**PROBLEM**
Skip the pictures. Give all the data again exactly.

**DATA BLOCK**
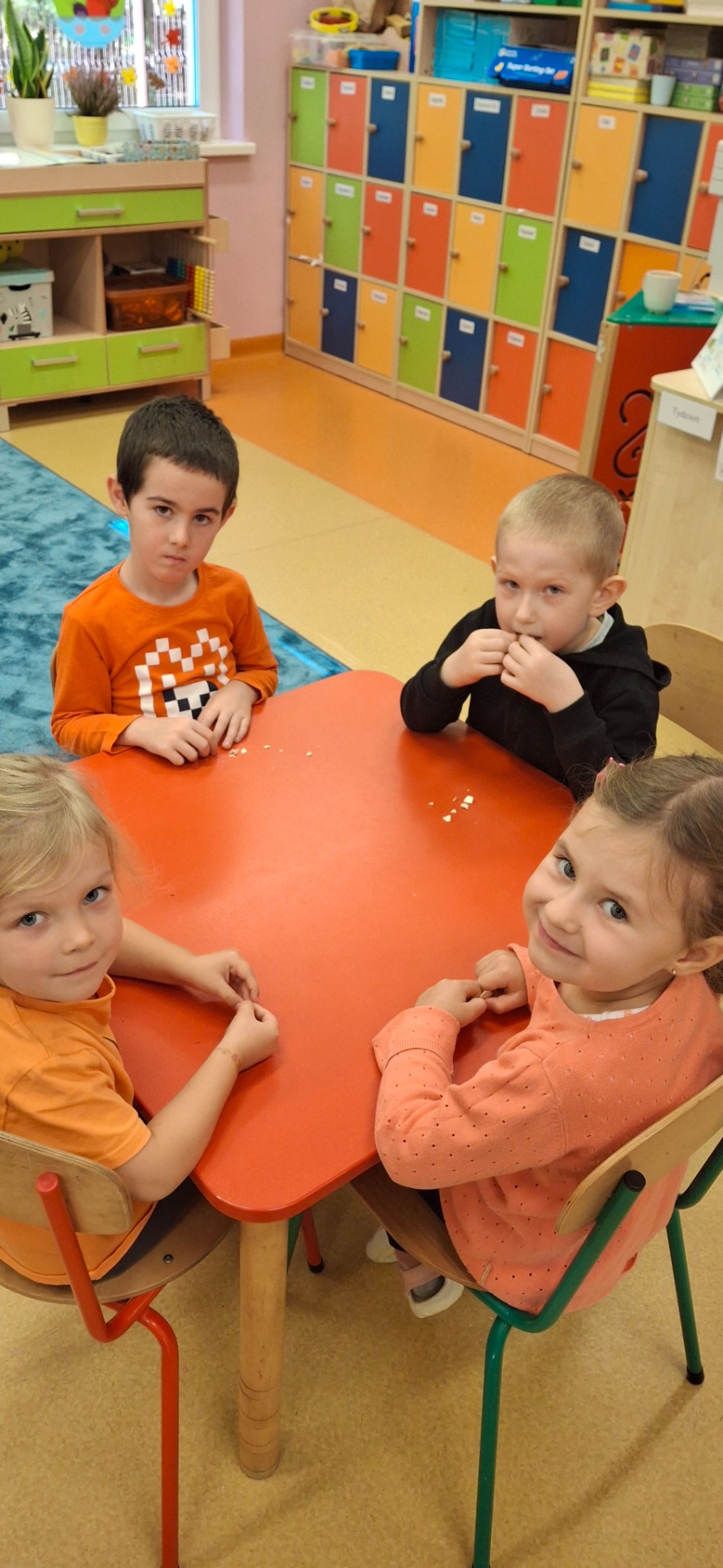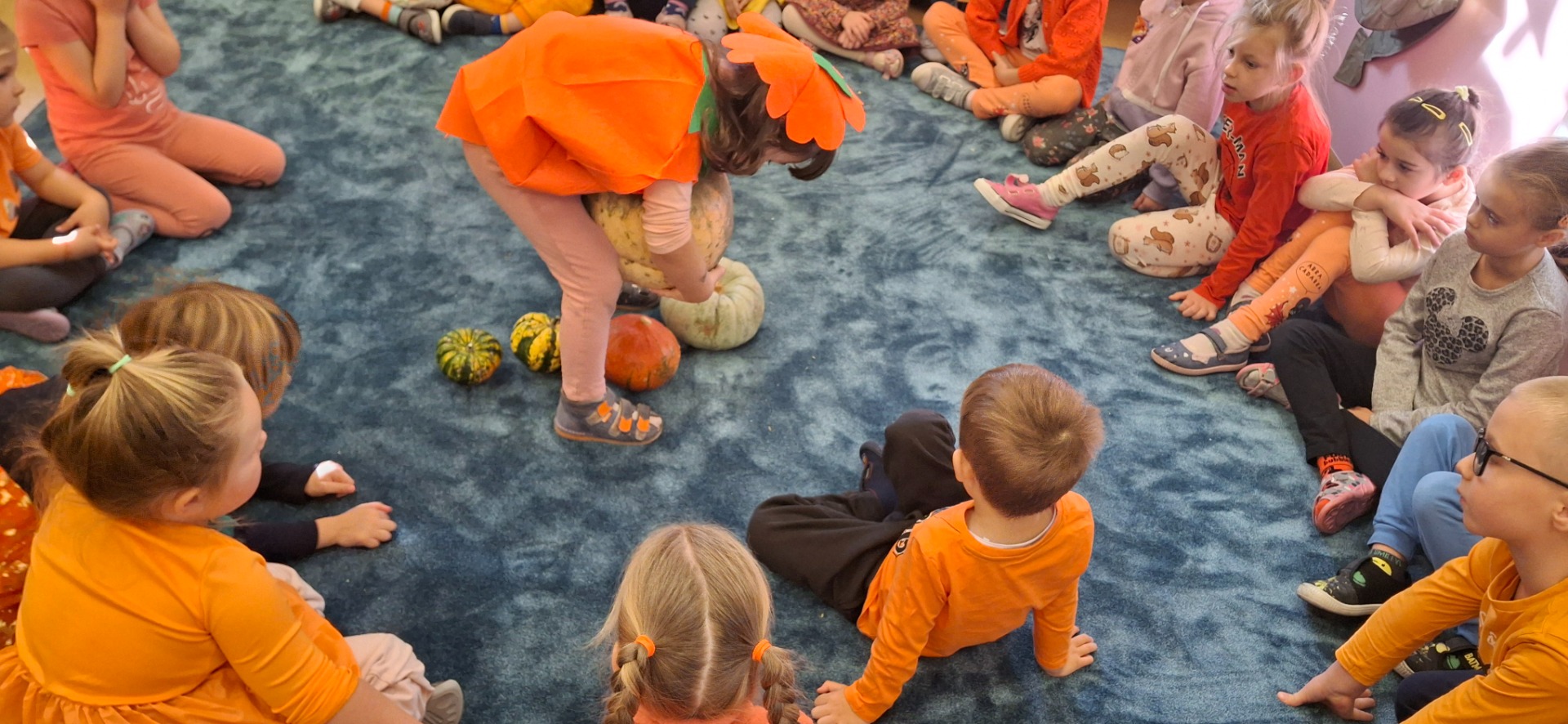 W przerwach pomiędzy zajęciami nie zabrakło gimnastyki i tańców przy dyniowej muzyce. Na zakończenie odbyła się degustacja nasion dyni, które maluchy samodzielnie próbowały obrać,
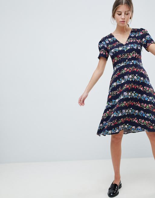 Oasis Ditsy Stripe Longer Length Skater Dress ASOS
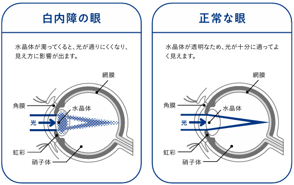 加齢などが原因で、水晶体が濁ってしまい、見え方に影響が出てしまった状態を、白内障といいます。
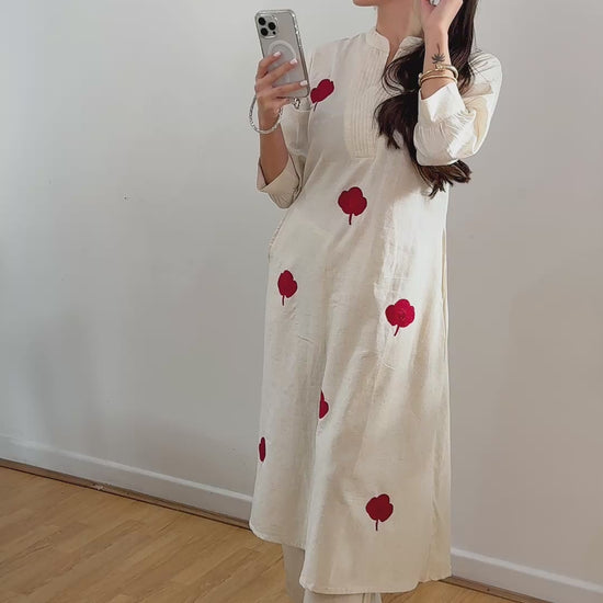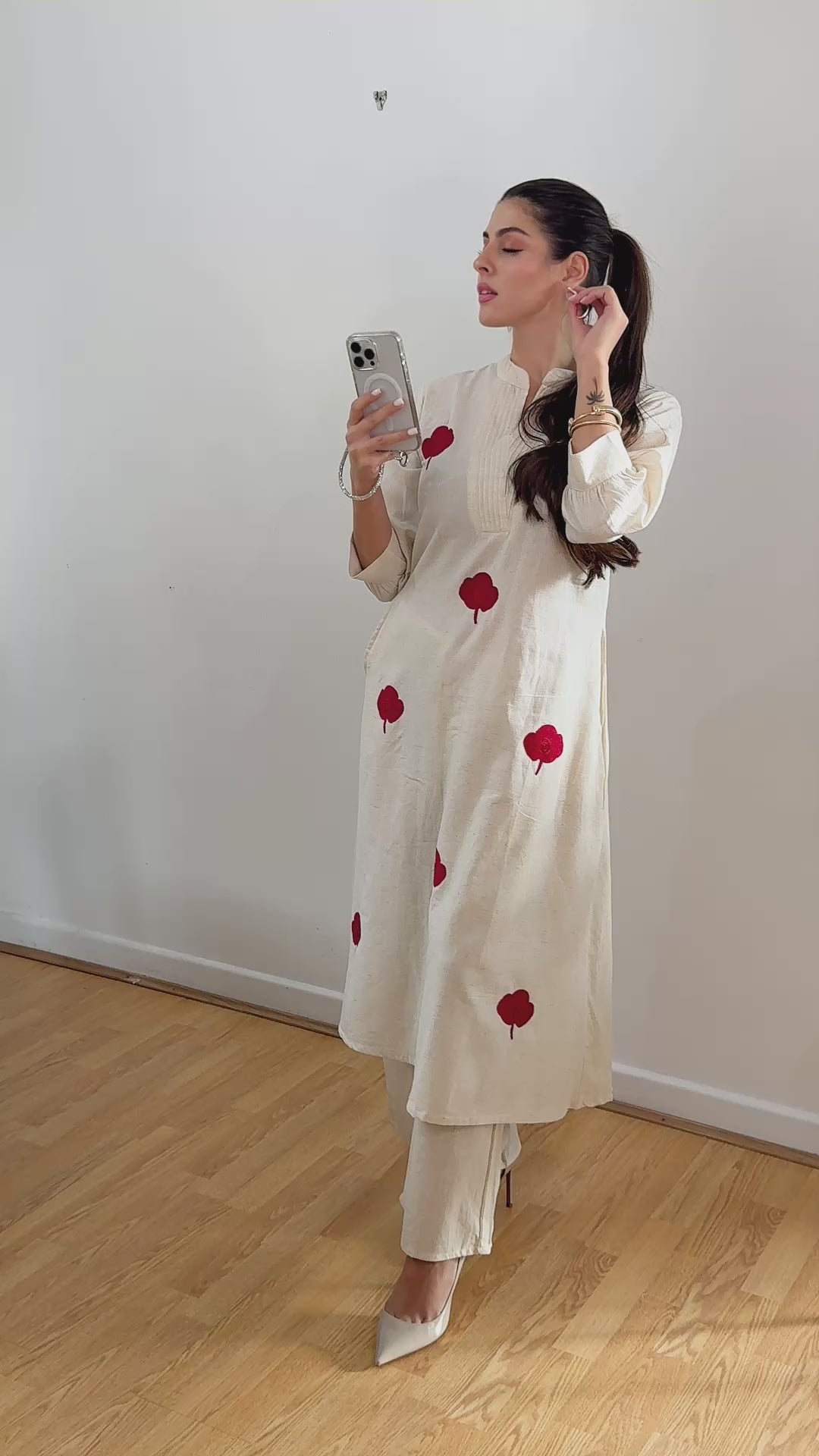 Elevate your daytime elegance with Rosa, a serene off-white kurta set crafted from soft pure cotton that promises breathability and ease. The ensemble features exquisite floral thread-work embroidery throughout, offering delicate detail without being overly ornate. The straight-cut kurta pairs effortlessly with coordinating palazzo bottoms for an easy, graceful silhouette. Perfectly suited for brunches, relaxed gatherings or subtle festive moments, Rosa embraces understated style with comfort at its heart.

**TASK SOLUTION**
 W przerwach pomiędzy zajęciami nie zabrakło gimnastyki i tańców przy dyniowej muzyce. Na zakończenie odbyła się degustacja nasion dyni, które maluchy samodzielnie próbowały obrać,
 Oasis Ditsy Stripe Longer Length Skater Dress ASOS
 加齢などが原因で、水晶体が濁ってしまい、見え方に影響が出てしまった状態を、白内障といいます。
 Elevate your daytime elegance with Rosa, a serene off-white kurta set crafted from soft pure cotton that promises breathability and ease. The ensemble features exquisite floral thread-work embroidery throughout, offering delicate detail without being overly ornate. The straight-cut kurta pairs effortlessly with coordinating palazzo bottoms for an easy, graceful silhouette. Perfectly suited for brunches, relaxed gatherings or subtle festive moments, Rosa embraces understated style with comfort at its heart.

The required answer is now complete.